We see that the 5 vertical lines in the plot represent our five numbers.
This is how a box plot can be used to visually represent the five-number summary of a data set. It shows the first quartile (Q1) and the third quartile (Q3) as the left and right sides of a rectangle or a box. The median (Q2) is shown as a vertical segment inside the box. On the left side, a horizontal line segment—a “whisker”—extends from Q1 to the minimum value. On the right, a whisker extends from Q3 to the maximum value. The rectangle in the middle represents the middle half of the data. We know that Q3 - Q1 is the IQR of the data. This means that the length of this box or its width is the IQR here. The whiskers represent the bottom quarter and the top quarter of the data set.
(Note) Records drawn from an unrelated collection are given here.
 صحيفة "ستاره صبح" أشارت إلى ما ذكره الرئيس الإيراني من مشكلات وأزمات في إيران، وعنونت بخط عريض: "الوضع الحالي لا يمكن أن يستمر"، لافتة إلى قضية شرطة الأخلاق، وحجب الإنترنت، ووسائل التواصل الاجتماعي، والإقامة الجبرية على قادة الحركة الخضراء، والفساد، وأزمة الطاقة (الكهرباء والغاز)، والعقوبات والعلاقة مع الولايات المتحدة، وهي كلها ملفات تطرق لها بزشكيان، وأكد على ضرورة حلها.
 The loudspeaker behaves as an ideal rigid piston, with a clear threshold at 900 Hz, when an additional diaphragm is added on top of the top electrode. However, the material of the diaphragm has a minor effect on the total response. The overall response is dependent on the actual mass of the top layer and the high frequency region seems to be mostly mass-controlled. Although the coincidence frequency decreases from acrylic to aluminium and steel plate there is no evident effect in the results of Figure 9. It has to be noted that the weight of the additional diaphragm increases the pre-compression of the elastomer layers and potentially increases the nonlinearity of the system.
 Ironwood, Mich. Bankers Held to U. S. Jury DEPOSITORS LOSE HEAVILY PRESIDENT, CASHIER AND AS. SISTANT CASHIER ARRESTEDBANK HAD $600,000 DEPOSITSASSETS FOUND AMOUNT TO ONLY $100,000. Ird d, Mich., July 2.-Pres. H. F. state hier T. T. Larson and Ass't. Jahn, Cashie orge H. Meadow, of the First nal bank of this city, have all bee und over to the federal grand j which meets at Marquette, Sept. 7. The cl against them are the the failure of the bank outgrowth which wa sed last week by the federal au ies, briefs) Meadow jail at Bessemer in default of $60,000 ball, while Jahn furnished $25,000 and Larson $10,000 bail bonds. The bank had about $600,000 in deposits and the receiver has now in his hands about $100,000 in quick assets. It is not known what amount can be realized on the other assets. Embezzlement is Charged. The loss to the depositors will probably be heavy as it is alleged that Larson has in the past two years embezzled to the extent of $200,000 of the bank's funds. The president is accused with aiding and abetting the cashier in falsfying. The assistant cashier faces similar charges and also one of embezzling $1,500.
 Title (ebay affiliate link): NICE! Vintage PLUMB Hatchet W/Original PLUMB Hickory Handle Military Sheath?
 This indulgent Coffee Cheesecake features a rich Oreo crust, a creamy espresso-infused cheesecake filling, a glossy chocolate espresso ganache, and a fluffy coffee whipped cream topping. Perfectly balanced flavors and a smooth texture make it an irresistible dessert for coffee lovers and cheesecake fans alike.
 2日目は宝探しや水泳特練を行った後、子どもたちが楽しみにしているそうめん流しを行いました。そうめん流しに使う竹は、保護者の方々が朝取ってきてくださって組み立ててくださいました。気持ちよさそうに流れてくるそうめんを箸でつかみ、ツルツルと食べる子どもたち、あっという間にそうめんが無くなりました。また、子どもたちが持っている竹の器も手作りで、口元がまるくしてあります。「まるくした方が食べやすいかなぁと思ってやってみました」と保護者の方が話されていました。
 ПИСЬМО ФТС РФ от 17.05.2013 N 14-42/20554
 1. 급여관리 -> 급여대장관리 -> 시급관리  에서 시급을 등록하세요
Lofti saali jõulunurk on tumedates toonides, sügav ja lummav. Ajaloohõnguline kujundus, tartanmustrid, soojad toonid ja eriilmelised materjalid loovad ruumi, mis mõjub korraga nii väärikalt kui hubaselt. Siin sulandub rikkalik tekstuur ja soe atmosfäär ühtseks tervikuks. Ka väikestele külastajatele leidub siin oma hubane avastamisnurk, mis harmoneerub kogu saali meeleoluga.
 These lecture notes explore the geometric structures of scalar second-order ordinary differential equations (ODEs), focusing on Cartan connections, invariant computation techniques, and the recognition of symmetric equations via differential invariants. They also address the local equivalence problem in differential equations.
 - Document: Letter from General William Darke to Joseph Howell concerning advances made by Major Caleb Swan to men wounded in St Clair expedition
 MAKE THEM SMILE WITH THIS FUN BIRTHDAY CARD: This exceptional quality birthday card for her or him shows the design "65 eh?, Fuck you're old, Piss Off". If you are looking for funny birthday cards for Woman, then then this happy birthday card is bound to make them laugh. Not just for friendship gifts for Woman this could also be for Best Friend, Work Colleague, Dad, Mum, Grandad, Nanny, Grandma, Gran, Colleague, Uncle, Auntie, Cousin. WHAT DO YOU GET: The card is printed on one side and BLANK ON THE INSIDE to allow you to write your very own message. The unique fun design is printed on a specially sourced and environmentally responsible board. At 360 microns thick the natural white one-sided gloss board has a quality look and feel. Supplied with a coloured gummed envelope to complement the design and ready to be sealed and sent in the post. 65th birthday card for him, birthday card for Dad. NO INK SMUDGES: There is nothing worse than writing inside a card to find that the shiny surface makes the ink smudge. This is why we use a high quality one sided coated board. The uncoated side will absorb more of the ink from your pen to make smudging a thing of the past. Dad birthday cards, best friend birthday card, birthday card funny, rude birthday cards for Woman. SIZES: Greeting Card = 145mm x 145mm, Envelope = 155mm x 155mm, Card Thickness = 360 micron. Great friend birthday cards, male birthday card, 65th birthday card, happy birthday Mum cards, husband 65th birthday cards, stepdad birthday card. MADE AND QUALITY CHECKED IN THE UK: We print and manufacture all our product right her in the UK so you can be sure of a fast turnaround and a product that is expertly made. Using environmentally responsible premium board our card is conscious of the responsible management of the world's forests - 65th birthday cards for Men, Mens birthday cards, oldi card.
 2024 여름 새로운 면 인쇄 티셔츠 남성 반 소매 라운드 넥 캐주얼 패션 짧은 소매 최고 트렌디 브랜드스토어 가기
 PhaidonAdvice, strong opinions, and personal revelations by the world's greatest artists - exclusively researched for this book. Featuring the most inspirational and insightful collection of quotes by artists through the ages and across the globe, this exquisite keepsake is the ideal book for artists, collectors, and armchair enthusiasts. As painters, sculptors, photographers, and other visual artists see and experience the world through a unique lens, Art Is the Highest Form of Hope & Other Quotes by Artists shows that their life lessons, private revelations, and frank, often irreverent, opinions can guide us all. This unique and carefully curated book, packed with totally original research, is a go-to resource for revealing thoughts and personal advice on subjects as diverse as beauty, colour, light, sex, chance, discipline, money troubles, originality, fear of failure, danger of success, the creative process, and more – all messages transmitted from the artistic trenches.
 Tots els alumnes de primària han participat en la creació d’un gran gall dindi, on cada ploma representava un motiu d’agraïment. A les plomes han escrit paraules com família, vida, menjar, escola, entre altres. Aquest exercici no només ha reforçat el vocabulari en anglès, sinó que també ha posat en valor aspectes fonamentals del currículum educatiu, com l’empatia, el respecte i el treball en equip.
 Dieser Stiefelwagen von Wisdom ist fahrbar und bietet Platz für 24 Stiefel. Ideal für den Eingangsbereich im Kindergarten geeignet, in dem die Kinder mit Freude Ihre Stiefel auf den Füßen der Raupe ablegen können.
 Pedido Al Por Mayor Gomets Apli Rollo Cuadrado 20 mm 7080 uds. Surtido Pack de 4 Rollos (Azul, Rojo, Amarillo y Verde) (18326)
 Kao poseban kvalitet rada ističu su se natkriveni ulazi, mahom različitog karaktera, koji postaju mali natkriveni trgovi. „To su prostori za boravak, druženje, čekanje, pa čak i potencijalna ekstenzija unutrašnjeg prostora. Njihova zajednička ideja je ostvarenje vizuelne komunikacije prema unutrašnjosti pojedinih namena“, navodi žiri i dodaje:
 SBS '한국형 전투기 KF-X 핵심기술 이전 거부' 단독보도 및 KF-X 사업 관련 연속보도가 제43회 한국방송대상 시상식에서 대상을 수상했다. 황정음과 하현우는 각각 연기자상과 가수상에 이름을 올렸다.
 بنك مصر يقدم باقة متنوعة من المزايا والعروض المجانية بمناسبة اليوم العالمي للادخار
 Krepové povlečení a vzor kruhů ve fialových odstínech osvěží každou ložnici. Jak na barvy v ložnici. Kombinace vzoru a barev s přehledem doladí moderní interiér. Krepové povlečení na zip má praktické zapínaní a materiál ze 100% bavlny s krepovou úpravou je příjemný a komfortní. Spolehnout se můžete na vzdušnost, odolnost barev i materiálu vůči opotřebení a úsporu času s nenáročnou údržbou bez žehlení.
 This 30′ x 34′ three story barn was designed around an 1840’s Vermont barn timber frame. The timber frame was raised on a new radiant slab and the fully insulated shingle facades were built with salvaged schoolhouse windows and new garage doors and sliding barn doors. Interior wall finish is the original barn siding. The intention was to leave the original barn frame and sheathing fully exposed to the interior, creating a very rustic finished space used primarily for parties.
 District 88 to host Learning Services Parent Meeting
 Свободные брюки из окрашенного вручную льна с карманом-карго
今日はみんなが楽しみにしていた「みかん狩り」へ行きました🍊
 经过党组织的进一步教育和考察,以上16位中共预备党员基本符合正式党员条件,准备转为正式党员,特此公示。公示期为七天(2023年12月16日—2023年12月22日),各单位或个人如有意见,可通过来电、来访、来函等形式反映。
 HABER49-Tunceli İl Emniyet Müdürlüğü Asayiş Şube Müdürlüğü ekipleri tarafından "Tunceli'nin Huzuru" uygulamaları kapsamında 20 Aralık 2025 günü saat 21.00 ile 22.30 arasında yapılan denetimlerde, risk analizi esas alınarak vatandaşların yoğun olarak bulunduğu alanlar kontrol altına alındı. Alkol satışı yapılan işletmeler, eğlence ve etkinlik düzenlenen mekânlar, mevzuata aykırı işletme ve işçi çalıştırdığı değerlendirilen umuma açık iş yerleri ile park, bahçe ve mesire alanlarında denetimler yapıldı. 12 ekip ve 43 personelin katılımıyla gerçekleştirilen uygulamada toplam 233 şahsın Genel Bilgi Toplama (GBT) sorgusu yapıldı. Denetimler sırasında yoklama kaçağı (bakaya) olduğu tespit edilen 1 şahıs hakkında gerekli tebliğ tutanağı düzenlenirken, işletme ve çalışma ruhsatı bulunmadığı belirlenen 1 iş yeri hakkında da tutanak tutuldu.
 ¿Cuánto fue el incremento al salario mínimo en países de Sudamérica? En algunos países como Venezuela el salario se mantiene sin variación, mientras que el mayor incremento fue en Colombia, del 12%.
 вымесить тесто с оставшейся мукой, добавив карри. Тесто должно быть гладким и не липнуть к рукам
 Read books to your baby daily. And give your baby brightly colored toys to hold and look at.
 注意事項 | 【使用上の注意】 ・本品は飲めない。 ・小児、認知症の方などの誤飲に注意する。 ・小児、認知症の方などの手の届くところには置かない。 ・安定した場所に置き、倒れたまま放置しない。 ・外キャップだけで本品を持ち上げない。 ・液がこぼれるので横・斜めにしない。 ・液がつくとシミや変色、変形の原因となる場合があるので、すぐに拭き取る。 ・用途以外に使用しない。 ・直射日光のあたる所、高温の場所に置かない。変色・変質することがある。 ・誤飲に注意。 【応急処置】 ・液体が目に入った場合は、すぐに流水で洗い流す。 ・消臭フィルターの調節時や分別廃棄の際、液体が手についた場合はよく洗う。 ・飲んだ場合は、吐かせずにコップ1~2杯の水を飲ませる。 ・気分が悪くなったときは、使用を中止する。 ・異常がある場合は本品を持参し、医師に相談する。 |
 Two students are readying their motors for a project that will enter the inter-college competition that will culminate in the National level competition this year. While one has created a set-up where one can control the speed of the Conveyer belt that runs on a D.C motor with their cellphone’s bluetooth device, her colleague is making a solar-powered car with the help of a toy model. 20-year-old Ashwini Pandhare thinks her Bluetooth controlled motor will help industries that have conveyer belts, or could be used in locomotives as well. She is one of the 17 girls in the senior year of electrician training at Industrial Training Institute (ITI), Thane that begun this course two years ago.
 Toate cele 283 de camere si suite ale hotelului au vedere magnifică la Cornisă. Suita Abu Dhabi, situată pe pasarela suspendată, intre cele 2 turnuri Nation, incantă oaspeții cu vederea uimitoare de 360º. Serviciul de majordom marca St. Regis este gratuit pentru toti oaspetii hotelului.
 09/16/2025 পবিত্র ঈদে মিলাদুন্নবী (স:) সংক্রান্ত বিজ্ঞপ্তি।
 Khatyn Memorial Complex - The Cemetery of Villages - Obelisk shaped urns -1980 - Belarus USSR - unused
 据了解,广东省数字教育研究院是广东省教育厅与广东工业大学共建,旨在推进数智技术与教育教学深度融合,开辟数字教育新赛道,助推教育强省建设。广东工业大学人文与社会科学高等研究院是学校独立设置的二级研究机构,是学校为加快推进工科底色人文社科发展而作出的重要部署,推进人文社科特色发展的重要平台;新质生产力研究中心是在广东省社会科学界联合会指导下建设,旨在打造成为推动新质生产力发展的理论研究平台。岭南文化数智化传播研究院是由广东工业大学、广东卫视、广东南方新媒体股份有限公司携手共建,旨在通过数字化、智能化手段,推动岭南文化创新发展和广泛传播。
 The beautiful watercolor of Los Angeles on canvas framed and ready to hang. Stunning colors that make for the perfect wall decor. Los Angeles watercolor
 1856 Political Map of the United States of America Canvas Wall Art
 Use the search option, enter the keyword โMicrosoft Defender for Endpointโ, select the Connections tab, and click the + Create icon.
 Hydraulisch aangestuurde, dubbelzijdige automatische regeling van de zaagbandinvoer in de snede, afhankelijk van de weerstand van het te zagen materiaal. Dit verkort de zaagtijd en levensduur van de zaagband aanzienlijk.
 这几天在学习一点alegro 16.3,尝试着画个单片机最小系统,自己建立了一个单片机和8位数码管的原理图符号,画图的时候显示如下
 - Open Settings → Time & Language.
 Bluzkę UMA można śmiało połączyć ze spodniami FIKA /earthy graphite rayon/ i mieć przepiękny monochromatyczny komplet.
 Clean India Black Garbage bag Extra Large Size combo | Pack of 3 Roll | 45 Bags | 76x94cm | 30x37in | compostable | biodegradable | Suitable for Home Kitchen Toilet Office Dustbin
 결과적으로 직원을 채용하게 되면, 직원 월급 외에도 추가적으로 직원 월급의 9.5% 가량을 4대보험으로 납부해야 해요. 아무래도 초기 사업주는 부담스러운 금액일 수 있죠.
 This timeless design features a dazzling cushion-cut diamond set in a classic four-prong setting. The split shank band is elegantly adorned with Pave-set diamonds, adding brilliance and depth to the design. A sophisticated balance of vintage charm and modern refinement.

Let’s now look at a box plot for the weight of pugs.
The five number summary for this distribution is: Minimum -> 6 Q1 -> 6.6 Q2/Median -> 7 Q3 -> 7.4 Maximum -> 8
On the basis of the five-number summary and the box plot, what can we say about the distribution of weights of pugs?
Approximately 25% of pugs weigh between 6 and 6.6 kg. The middle 50% of weights are between 6.6 and 7.4 kg. The range of the middle 50% (the difference between the third and first quartiles) or the IQR is 0.8 kg. The IQR indicates that any two weights from the middle 50% of the data will differ by at most 0.8 minutes.
We can also use the box plot to compare different groups.
Case I: Two groups with the different median but the same IQR
Here are two sets of plots that show the weights of some berries and some grapes.
The median berry weight is 3 grams and the median grape weight is 5 grams. But in both cases, the IQR is 1.5 grams. Because the grapes in this group have a higher median weight than the berries, we can say a grape in the group is typically heavier than a berry. Since both groups have the same IQR, we can say that they have a similar variability in their weights.
In the case of berries, we can see that the middle rectangle is more to the left, meaning that the data is right skewed. In the case of the grapes, it seems to be slightly left skewed.
Case II: Two groups with the same median but different IQR
These box plots represent the length data for a collection of ladybugs and a collection of beetles. The medians of the two are the same, but the IQR of the ladybugs is much smaller (2 vs 11.5 for beetles). This tells us that a typical ladybug length is similar to a typical beetle length, but the ladybugs are more alike in their length than the beetles are in their length.